→ **WHAT IS REQUIRED**: Please output every line of the material as it stands, without the pictures.

→ **DATASET EXTRACT**:
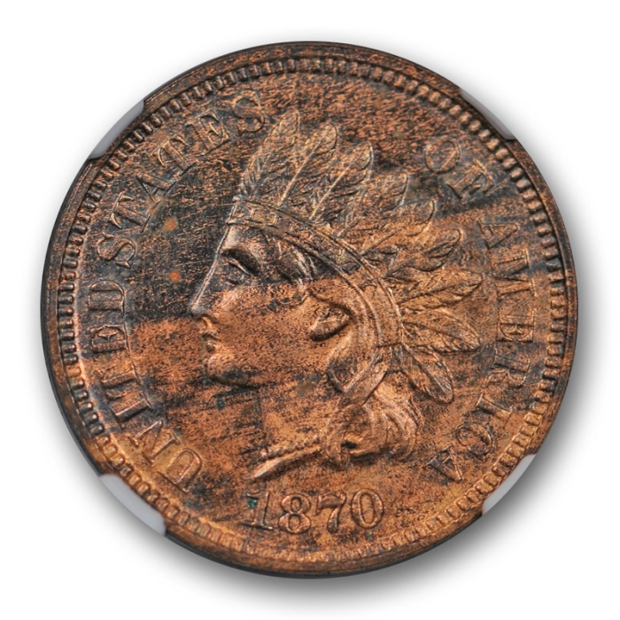 Description / 1870 Proof Indian Head Cent 1C NGC PR 62 RB Red Brown Key Date Toned
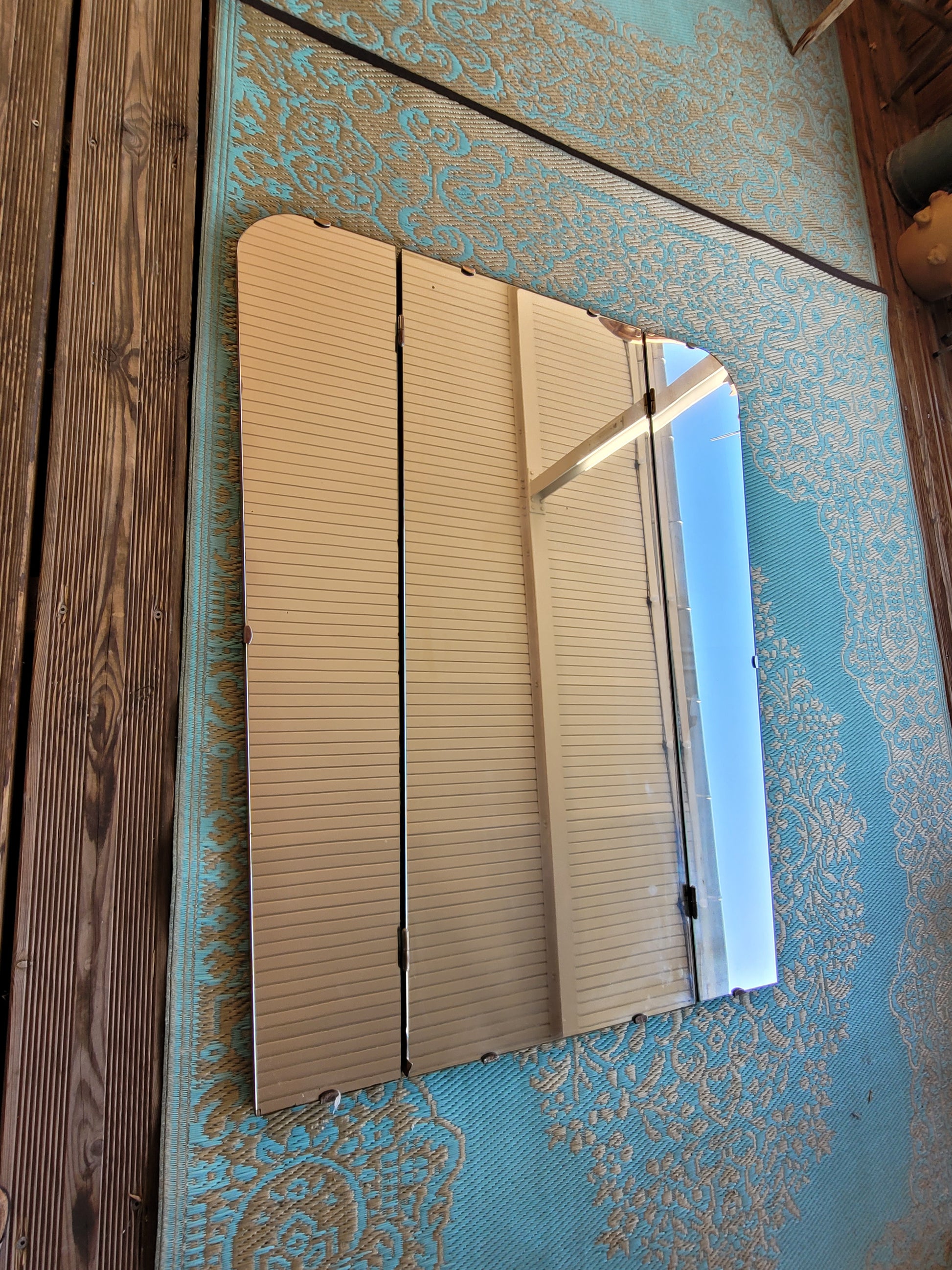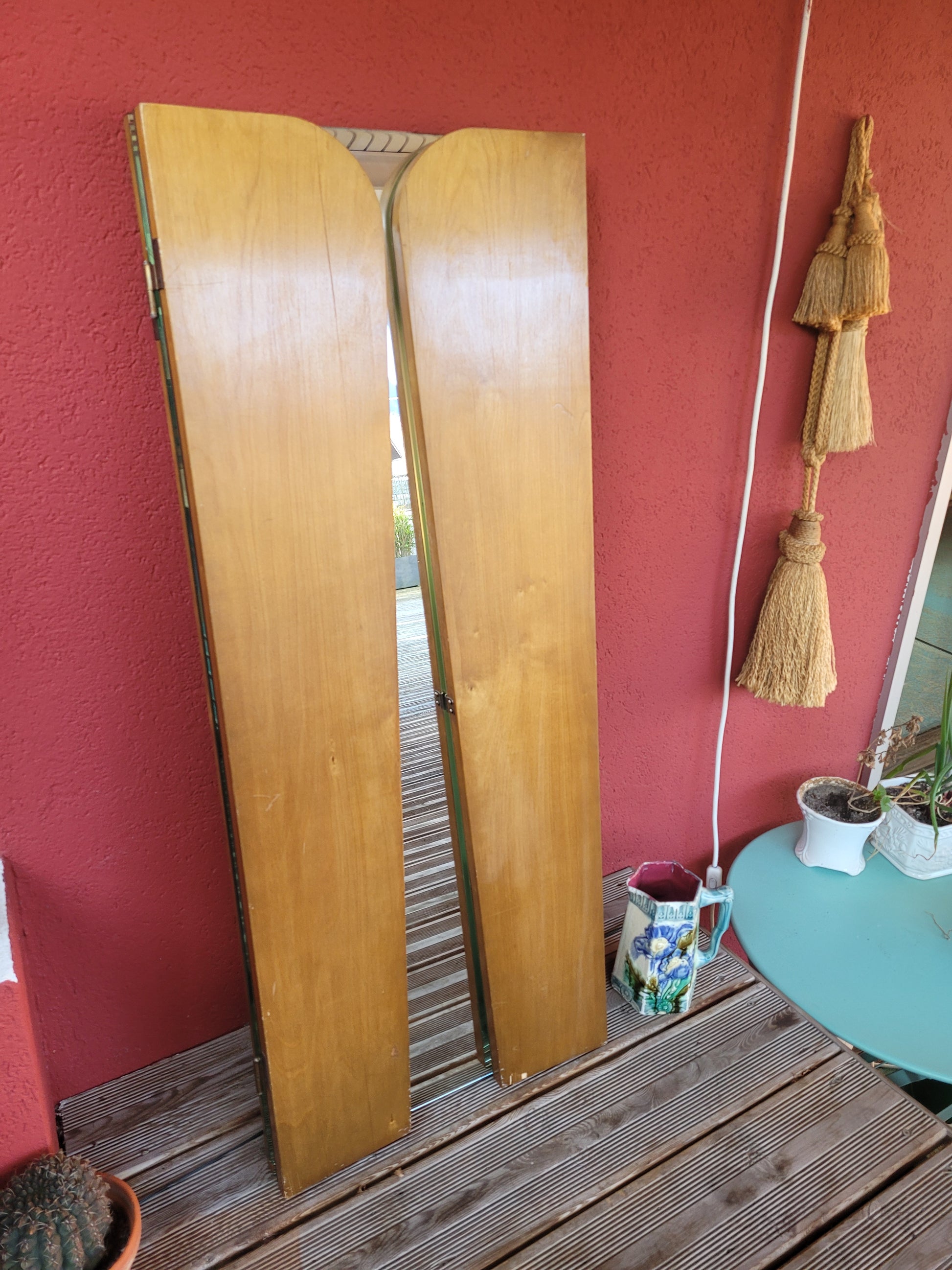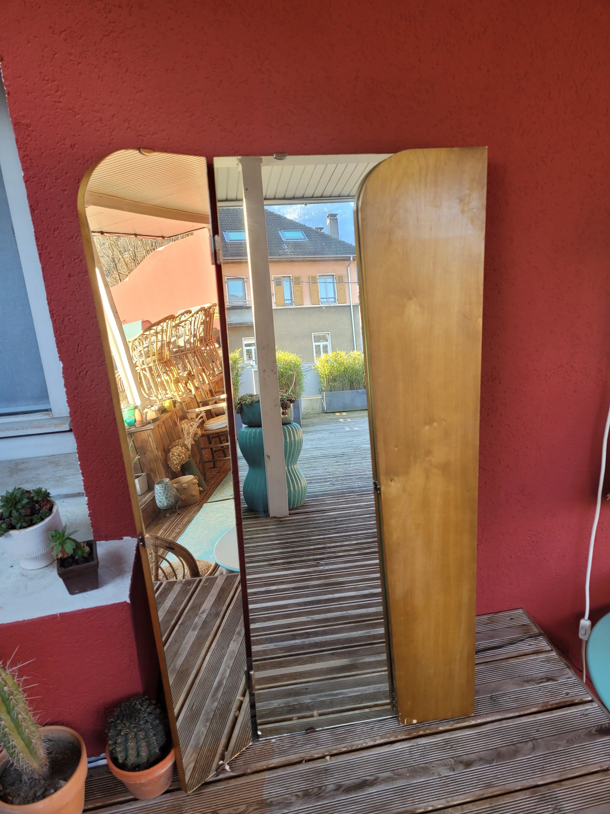 Sublime miroir triptyque vintage en bois plaqué teck.
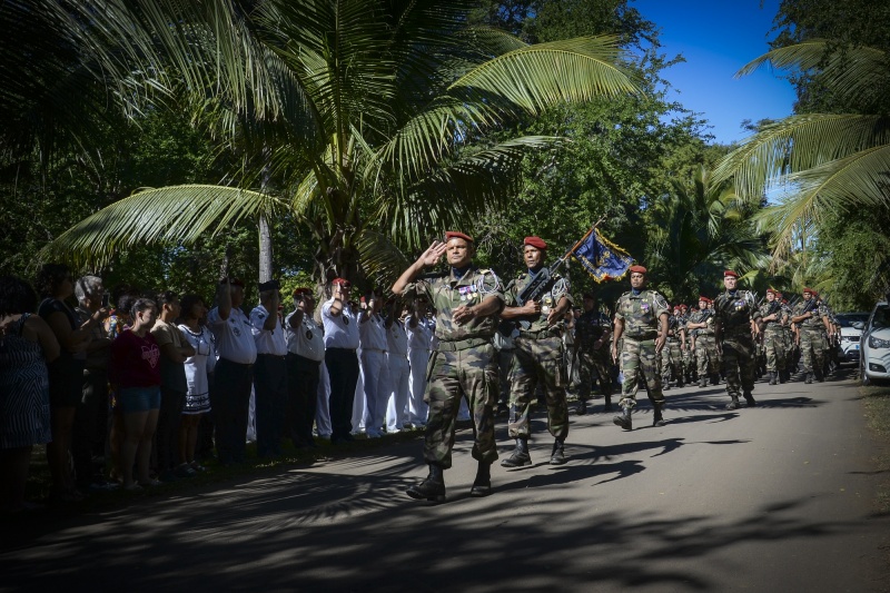 "Vendredi matin, la cérémonie de passation de commandement entre le capitaine Eric, quittant le commandement, et le capitaine Cyrille, son adjoint prenant le commandement, s'est déroulée au golf de l'Étang-Salé devant les autorités civiles et militaires.
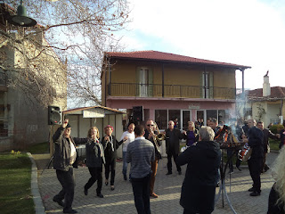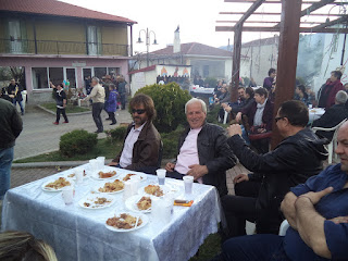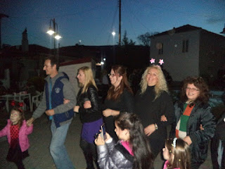 Προσφέρθηκε στον κόσμο τραχανόπιτα -τσιγαρίδες ,λουκάνικα,σουβλάκια και άφθονο κρασί και με την ορχήστρα “Μουσικόχρωμα” ο κόσμος γλέντησε με την ψυχή του έως αργά το βράδυ. Την εκδήλωση την έκλεισαν με χορό από αποκριάτικα τραγούδια.
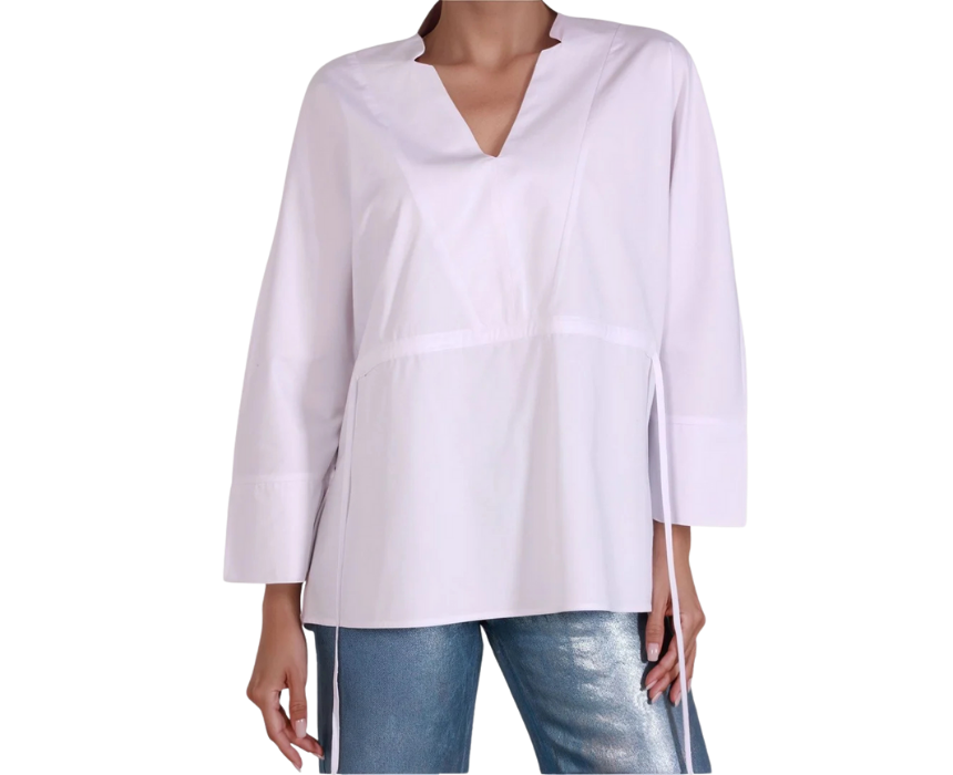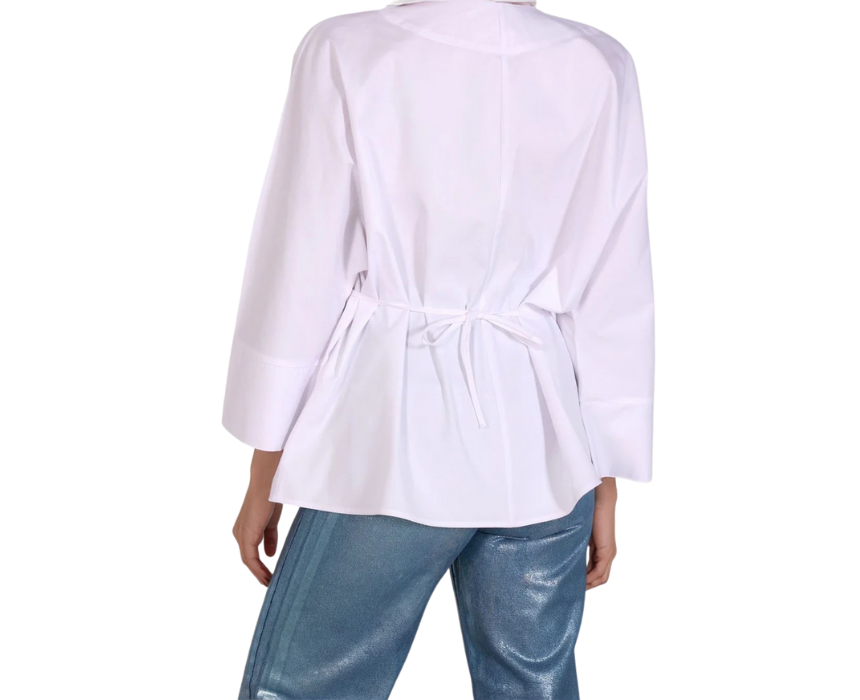 The White Epitome Shirt combines a classic white design with a modern adjustable waist, offering a relaxed and comfortable fit. The waist tie allows styling loose or cinched, perfect for pairing with trousers, jeans, or skirts for versatile looks. Made from cotton, polyester, and lycra, fabric care includes machine wash at 30°C, professional dry clean, medium-heat ironing, no bleaching, and do not tumble dry.
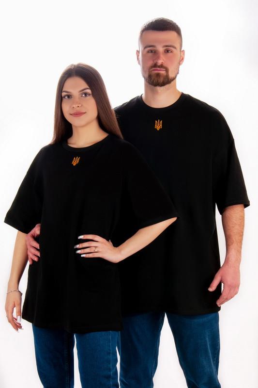 Футболка ОВЕРСАЙЗ, с вышитым гербом, размеры: 48, 50, 52. Склад тканини: 95% бавовна, 5 % еластан. Качество отличное. Также есть в продаже мужские ( 50, 52, 54), и детские ( 104, 110, 116)
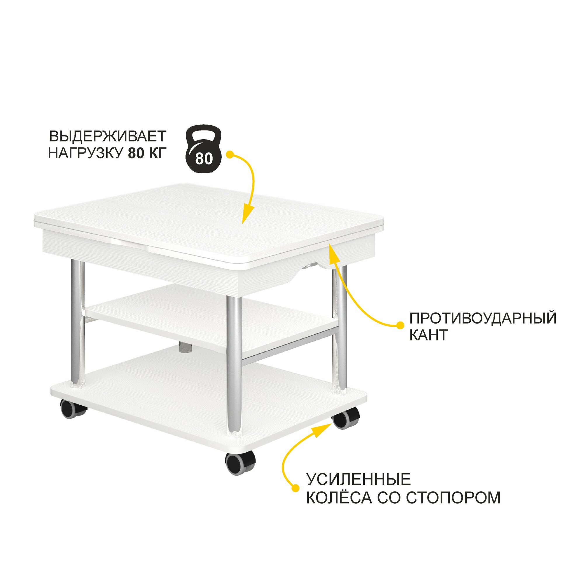 | Особенности | на колесиках, с полкой |
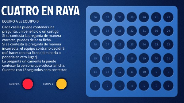 Cada casilla puede contener una pregunta, un beneficio o un castigo. Si se contesta la pregunta de manera correcta, puedes dejar tu ficha. Si se contesta la pregunta de manera incorrecta, el equipo contrario decidirá qué hacer con esa ficha (eliminarla o ponerla en otro lugar). La pregunta unicamente la puede contesar la persona que coloca la ficha. Cuentas con 15 segundos para contestar.
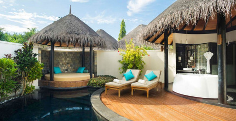 1 номер Celebrity Retreat 3-Bedroom Villa (600 кв. м, 2х этажная вилла с садом и 2-мя частными бассейнами, 3 спальни, обеденный павильон, тренажерный зал, 3 ванные комнаты, джакузи, сауна)
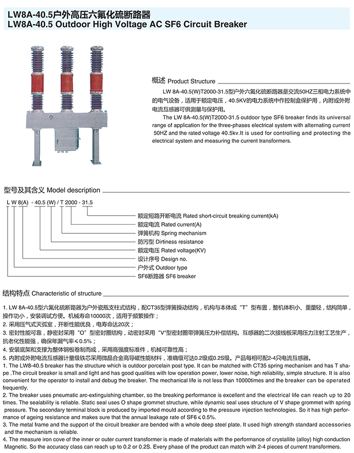 LW8A-40.5戶外高壓六氟化硫斷路器
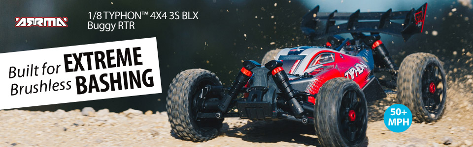 The TYPHON™ 4X4 3S BLX brings the power, strength, and style of the TYPHON 6S BLX buggy to a 3S-capable version that reaches extreme 50+ mph speeds. Making your move into 1/8 scale brushless buggy bashing has never been easier — or more exciting!
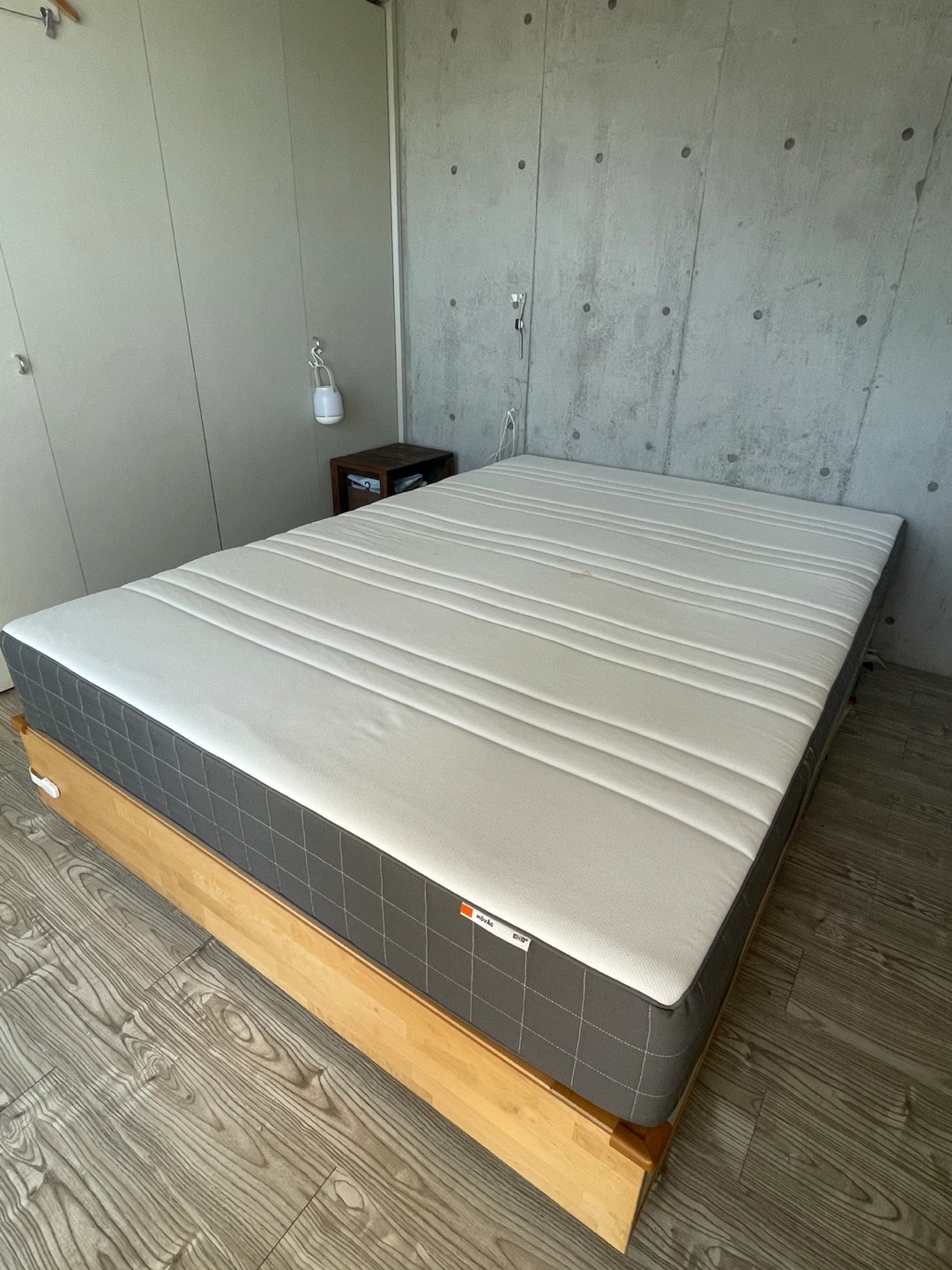 【情報】 ブランド:イケア 【マットレス】¥29,990 商品名:HÖVÅG 色:グレー サイズ:ダブル 厚さ約20cm HÖVÅG(ホーヴォーグ)は、IKEAで以前販売されていたポケットスプリングマットレスです。現在、IKEAの公式サイトでは取り扱いが終了しており、後継モデルとしてVESTERÖY(ヴェステロイ)**などのマットレスが販売されています。 【ベッドフレーム】 ¥54,990 商品名:MANDAL マンダール ベッドフレーム 収納付き 色:バーチ/ホワイト、 サイズ:140x200 (ダブル) ↓公式商品ページ IKEA からシェアされた MANDAL マンダール を確認する。詳細: https://applink.ikea.com/tY8M9r9M4w--10280482--jp--ja 中古品であるこ とご了承ください マットレスはそのまま、 ベッドフレームは解体してお渡しします。
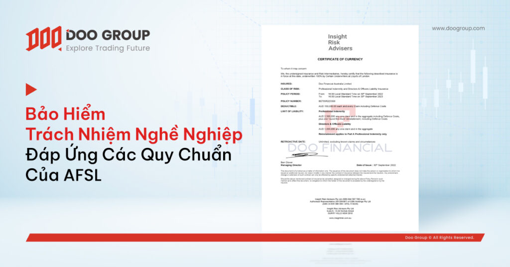 Vào tháng 9, Doo Financial Australia Limited đã tiến hành mua thành công Bảo hiểm Bồi thường Chuyên nghiệp (PII) từ Lloyd’s of London. Thể theo đó, Doo Financial sẽ thực hiện các nghĩa vụ với tư cách là người được cấp Giấy phép Dịch vụ Tài chính Úc (AFSL). Đây là một trong số nhiều nỗ lực của Doo Group trên hành trình cung cấp cho quý khách hàng các dịch vụ tài chính đáng tin cậy.

→ **RESULT OF THE TASK**:
 Description / 1870 Proof Indian Head Cent 1C NGC PR 62 RB Red Brown Key Date Toned
 Sublime miroir triptyque vintage en bois plaqué teck.
 "Vendredi matin, la cérémonie de passation de commandement entre le capitaine Eric, quittant le commandement, et le capitaine Cyrille, son adjoint prenant le commandement, s'est déroulée au golf de l'Étang-Salé devant les autorités civiles et militaires.
 Προσφέρθηκε στον κόσμο τραχανόπιτα -τσιγαρίδες ,λουκάνικα,σουβλάκια και άφθονο κρασί και με την ορχήστρα “Μουσικόχρωμα” ο κόσμος γλέντησε με την ψυχή του έως αργά το βράδυ. Την εκδήλωση την έκλεισαν με χορό από αποκριάτικα τραγούδια.
 The White Epitome Shirt combines a classic white design with a modern adjustable waist, offering a relaxed and comfortable fit. The waist tie allows styling loose or cinched, perfect for pairing with trousers, jeans, or skirts for versatile looks. Made from cotton, polyester, and lycra, fabric care includes machine wash at 30°C, professional dry clean, medium-heat ironing, no bleaching, and do not tumble dry.
 Футболка ОВЕРСАЙЗ, с вышитым гербом, размеры: 48, 50, 52. Склад тканини: 95% бавовна, 5 % еластан. Качество отличное. Также есть в продаже мужские ( 50, 52, 54), и детские ( 104, 110, 116)
 | Особенности | на колесиках, с полкой |
 Cada casilla puede contener una pregunta, un beneficio o un castigo. Si se contesta la pregunta de manera correcta, puedes dejar tu ficha. Si se contesta la pregunta de manera incorrecta, el equipo contrario decidirá qué hacer con esa ficha (eliminarla o ponerla en otro lugar). La pregunta unicamente la puede contesar la persona que coloca la ficha. Cuentas con 15 segundos para contestar.
 1 номер Celebrity Retreat 3-Bedroom Villa (600 кв. м, 2х этажная вилла с садом и 2-мя частными бассейнами, 3 спальни, обеденный павильон, тренажерный зал, 3 ванные комнаты, джакузи, сауна)
 LW8A-40.5戶外高壓六氟化硫斷路器
 The TYPHON™ 4X4 3S BLX brings the power, strength, and style of the TYPHON 6S BLX buggy to a 3S-capable version that reaches extreme 50+ mph speeds. Making your move into 1/8 scale brushless buggy bashing has never been easier — or more exciting!
 【情報】 ブランド:イケア 【マットレス】¥29,990 商品名:HÖVÅG 色:グレー サイズ:ダブル 厚さ約20cm HÖVÅG(ホーヴォーグ)は、IKEAで以前販売されていたポケットスプリングマットレスです。現在、IKEAの公式サイトでは取り扱いが終了しており、後継モデルとしてVESTERÖY(ヴェステロイ)**などのマットレスが販売されています。 【ベッドフレーム】 ¥54,990 商品名:MANDAL マンダール ベッドフレーム 収納付き 色:バーチ/ホワイト、 サイズ:140x200 (ダブル) ↓公式商品ページ IKEA からシェアされた MANDAL マンダール を確認する。詳細: https://applink.ikea.com/tY8M9r9M4w--10280482--jp--ja 中古品であるこ とご了承ください マットレスはそのまま、 ベッドフレームは解体してお渡しします。
 Vào tháng 9, Doo Financial Australia Limited đã tiến hành mua thành công Bảo hiểm Bồi thường Chuyên nghiệp (PII) từ Lloyd’s of London. Thể theo đó, Doo Financial sẽ thực hiện các nghĩa vụ với tư cách là người được cấp Giấy phép Dịch vụ Tài chính Úc (AFSL). Đây là một trong số nhiều nỗ lực của Doo Group trên hành trình cung cấp cho quý khách hàng các dịch vụ tài chính đáng tin cậy.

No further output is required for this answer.